# Dizzy Brit lass needs some help



## sexymumma (Oct 12, 2010)

I have been asked to get a quoat for some iron transfers of the company's logo that I work for.

Approx for up to 100.

I need the transfers to stand out on black t.shirts/shirts so are unsure how to make the logo stand out, I presume as our logo is black and gold it would be all gold however I am keen on any advice. 

I have been surching google for ages and just keep getting this special paper I can print onto but thats not what my boss wants so if anyone out there knows where I should go can you let me know.
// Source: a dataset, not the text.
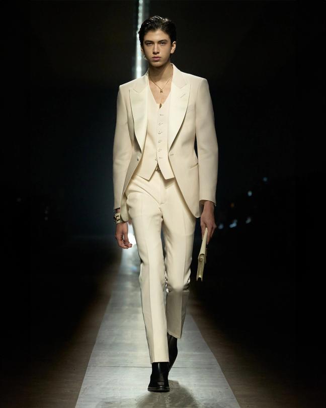 Strength of man came through sharp silhouettes. Fit is extremely important to Hawkings and that was evident with faultless tailoring. Single-breasted pinstriped suits were razor sharp in construction, cut slim to the body and complemented with figure-hugging and ever-so-slightly cropped waistcoats. They were sexy, but not in the old Tom Ford way where it was thrown in your face. These were subtle in their sexiness. A waistcoat worn sans shirt, for instance, flashed an appropriate bit of skin. Cream evening suits, similarly, weren't paired up with shirts and were given a Seventies flare: long-jackets, deep lapels, cinches waists and broader shoulders. Gold lamé blazers were skinny in fit, and were matched up with poker-straight trousers. Tom Ford's signature sunglasses up top. Hawkings presented power tailoring at its very best.
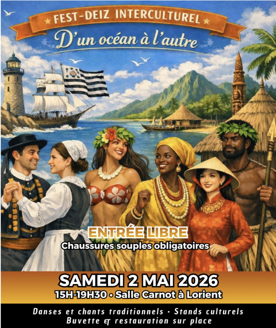Le samedi 2 mai 2026, de 15h à 19h30, la Salle Carnot accueillera un Fest-Deiz interculturel qui dépasse le simple cadre festif. D’un océan à l’autre est une invitation à faire société, à faire se rencontrer des histoires, des mémoires et des pratiques culturelles qui, ensemble, dessinent un avenir partagé.

Thank you for your timeand sorry if I sound a bit dim


----------



## Corel Whisperer (Sep 1, 2010)

Can you post what the logo looks like to help you with suggestions!


----------



## sexymumma (Oct 12, 2010)

I have up loaded the logo, oh thank you for your help....


----------



## Corel Whisperer (Sep 1, 2010)

I don't see it being displayed, do you? can you try again?


----------



## sexymumma (Oct 12, 2010)

I loaded up a couple of images in my phofile in an album

sorry I only have the image on my dest top so couldn't figure out how to do it any other way

did I mention I am a bit dizzy


----------



## Corel Whisperer (Sep 1, 2010)

And they want this on black shirts? What type of equipment do you have now? Depending on what you have you may want to post this under the Graphics section to get more help and suggestions.


----------



## MotoskinGraphix (Apr 28, 2006)

You need plastisol transfers and you are gold.


----------



## sexymumma (Oct 12, 2010)

ok great
I will post in the graffic section.

thank you for all your help


----------



## wormil (Jan 7, 2008)

If you check the post stickied at the top of the forum there are British transfer companies there.


----------